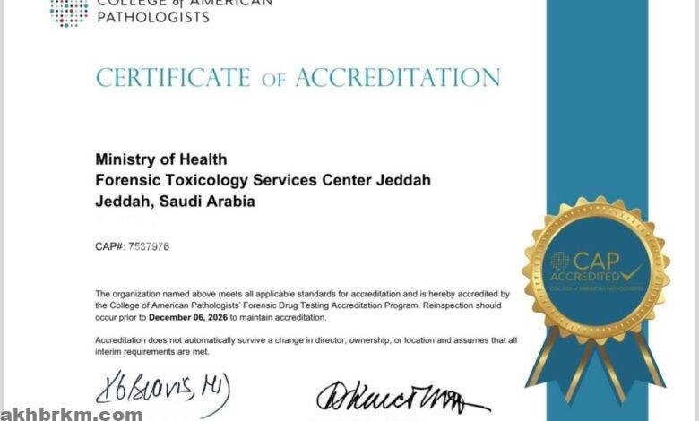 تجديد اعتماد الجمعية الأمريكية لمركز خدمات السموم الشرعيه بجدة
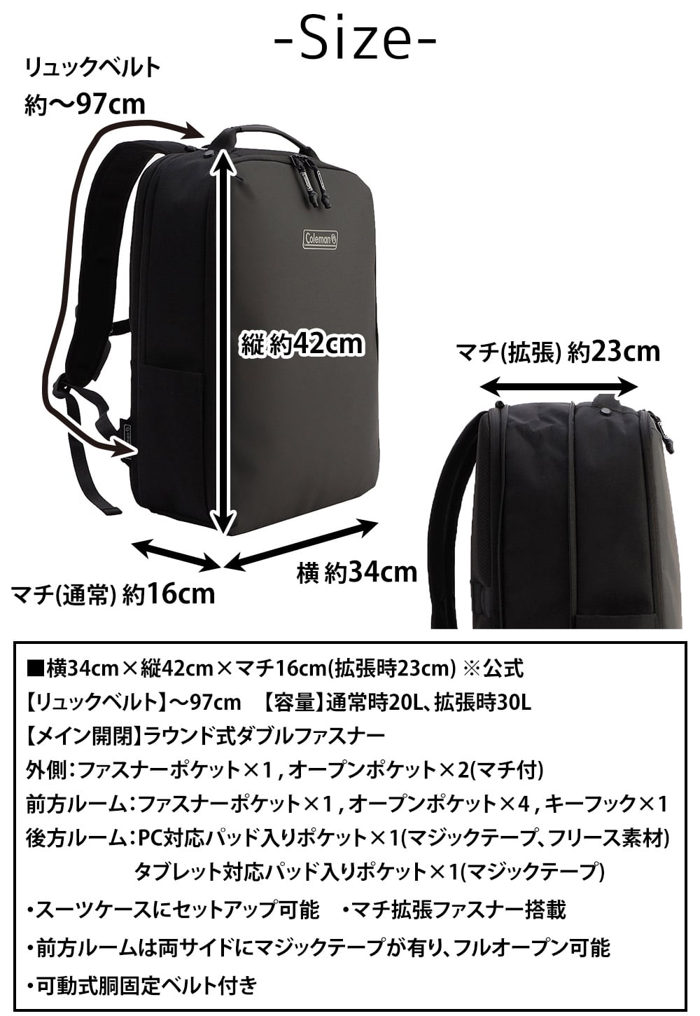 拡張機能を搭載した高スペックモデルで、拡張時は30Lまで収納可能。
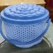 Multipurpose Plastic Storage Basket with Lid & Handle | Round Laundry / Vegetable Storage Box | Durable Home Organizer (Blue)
==
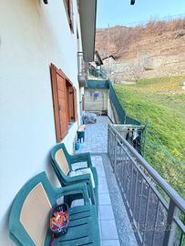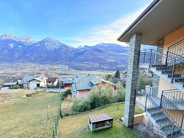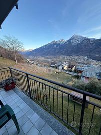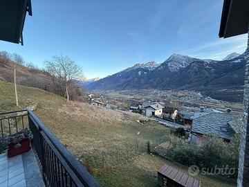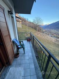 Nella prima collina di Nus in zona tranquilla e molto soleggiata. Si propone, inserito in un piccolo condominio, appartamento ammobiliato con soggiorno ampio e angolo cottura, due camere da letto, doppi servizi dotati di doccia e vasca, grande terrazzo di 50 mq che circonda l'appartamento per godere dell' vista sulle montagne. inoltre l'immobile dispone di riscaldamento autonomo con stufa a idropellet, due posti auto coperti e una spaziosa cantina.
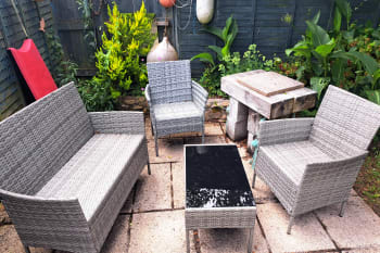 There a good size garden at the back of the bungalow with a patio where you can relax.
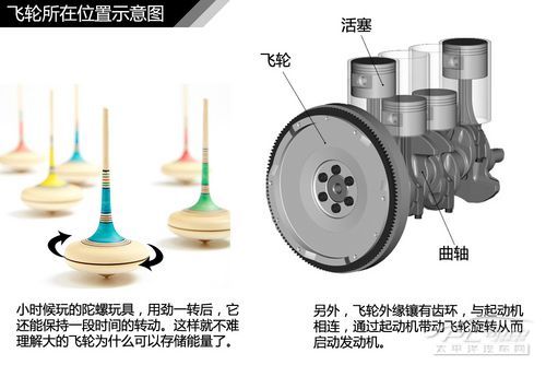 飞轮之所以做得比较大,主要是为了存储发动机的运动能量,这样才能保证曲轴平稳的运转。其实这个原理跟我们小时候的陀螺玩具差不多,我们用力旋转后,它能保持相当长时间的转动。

> _Activity_:
In the listing above, find the line with "تجديد اعتماد الجمعية" and output it and every line after it up to and including the line with "Multipurpose Plastic Storage", exactly, minus the pictures.

> _Task answer_:
 تجديد اعتماد الجمعية الأمريكية لمركز خدمات السموم الشرعيه بجدة
 拡張機能を搭載した高スペックモデルで、拡張時は30Lまで収納可能。
 Multipurpose Plastic Storage Basket with Lid & Handle | Round Laundry / Vegetable Storage Box | Durable Home Organizer (Blue)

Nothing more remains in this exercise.